Photo © Jérôme Sevrette

 

LE JEU

 

Tu donneras de l'amour.
S'investir tout en étant détaché. C'est bien possible, il s'agit seulement de prendre une forme élastique. Je ne dépendais pas du verbiage, pour maintenir ma vie sociale, la preuve, il m'arrive parfois de m'en éloigner pendant quelques semaines, et, malgré un manque tout à fait normal, je m'en fous. Je peux rester (un certain temps, peut-être pas toujours) sans écrire.
Je le répète quand même: je ne suis pas aussi naïf que j'en ai l'air, je ne suis pas névrosé au point de croire que la vie est ici, dans les phrases. Loin de là. Loin d'ici...

Tu feras attention à lui.

Il sera partout, autour de toi
Je pense que tu serais surpris d'entendre qu' il s'agit pour moi d'un jeu, mais d'un jeu très sérieux. Au même titre que jouer de la musique devant un auditoire sourd. Ou de se déshabiller devant les aveugles. La littérature, n'est-ce pas s'adonner à l'exhibitionnisme au royaume des aveugles ? Tu prends certains risques, parfois, mais tant mieux.

Tu tourneras ton visage dans toutes les directions.
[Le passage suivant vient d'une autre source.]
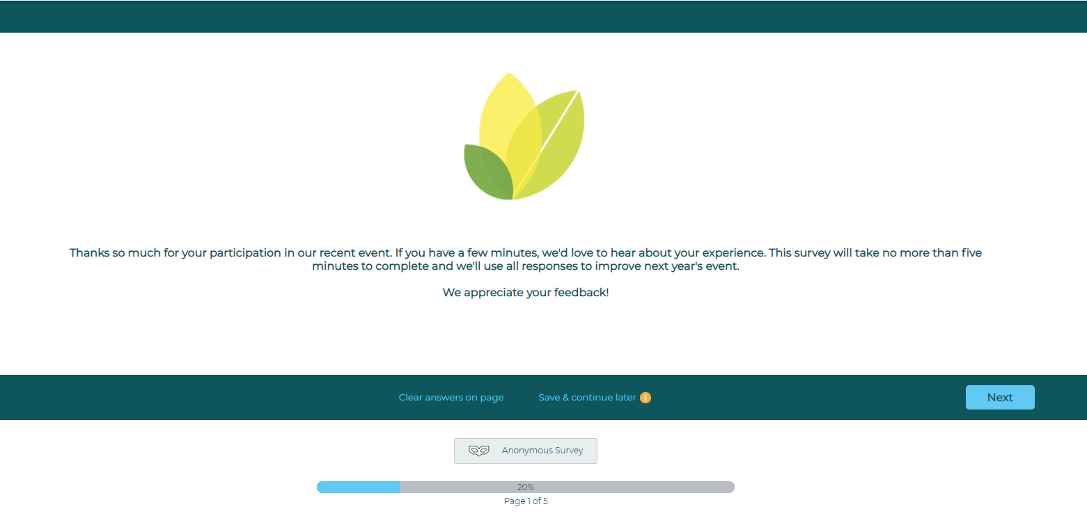 A Descriptive Text delivers helpful information, like an introductory note on the first page (Thanks for participating!) or instructions at the beginning of a certain section (The following questions focus on your most recent visit.). Remember: It’s not possible for your participant to “answer” a Descriptive Text. If you want to collect open-ended feedback from a participant, use a Text Box.
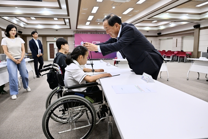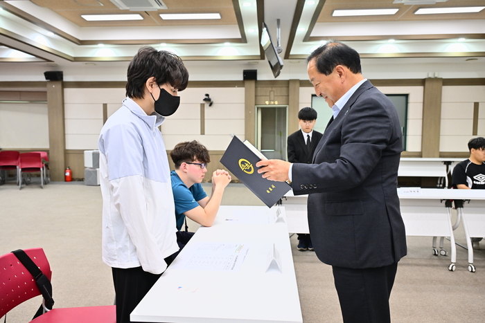 [스포츠서울ㅣ김기원기자]속초시는 6월 17일, 설악고등학교 특수학급에 재학 중인 학생들에게 1일 명예 공무원 임명장을 수여하고 공무원들의 역할에 대한 영상 시청을 통해 공무원에 대해 이해를 도왔다.

C'était dans une salle de concert, une chanteuse par exemple, vocalise devant une foule d'inconnus, des chansons personnelles, avec des "je"...Ultra narcissique. Elle parage son intimité. Je me dis qu'elle chante rien que pour moi, en regardant les différents ornements du plafond. Et ce "je" prend une tout autre dimension.

Tu devrais y croire.
L'idée de virtualité, est-ce que ce n'est pas accorder à cette machine une importance qu'elle ne devrait pas avoir ? Séparer le virtuel et le réel, est-ce que ce n'est pas créer une névrose ? Est-ce qu'elle n'est pas incrustée dans la vie, comme n'importe quel autre objet matériel ? N'importe quelle technologie ? Est-ce qu'on parle du monde des voitures comme d'un monde à part ? Un monde virtuel ? Comme si l'écriture, tracée sur un bout de papier, à la poursuite du lecteur inconnu, n'était pas déjà la virtualité. Est-ce qu'écrire n'est pas être en plein cœur de la virtualité ? Un paysage au milieu de plein d'autres paysages, une technologie qui peut être magnifique.

Tu ne reçois pas.
Émotion, je me demande ce que tu fiches dans l'art. Tu fascines, tu décourages. Tu t'éclipses. Il me semble que c'est toi qui lui donne cette force d'attraction, émotions suscitées, ou subtilité entre le jeu et la sincérité, dans l'investissement/détachement. La vie quotidienne n'en est pas moins un jeu de rôle. C'est mettre son chapeau et jouer à faire l'homme. Un jeu de milles personnalités.

Tes portes sont closes.
Tu plantes des graines dés aujourd'hui, elles germeront un peu plus tard...
Évidemment ça fout la trouille, petit poucet, qui va s'enfonçant dans les bois, en égrenant des morceaux de sa personne, tu risquerais d'être avalé par n'importe qui, de te perdre dans les fourrés. Alors, c'est mieux de rester timide, dehors, sur la rive, à l'orée de la forêt, et de ne rien explorer, ni sa personne, ni l'autre, se préserver dans un endroit froid, sec, cloisonné. Puis s'avilir. En attendant la mort. Comme dans ce qu'on veut bien appeler un réel : un lieu épuisé, non créatif, rempli de trucages, du temps perdu à raconter des choses et d'autres. Qu'importe s'ils sont faux si toi, tu es vrai. Si tu donnes de ta personne, tu es toujours dans le vrai.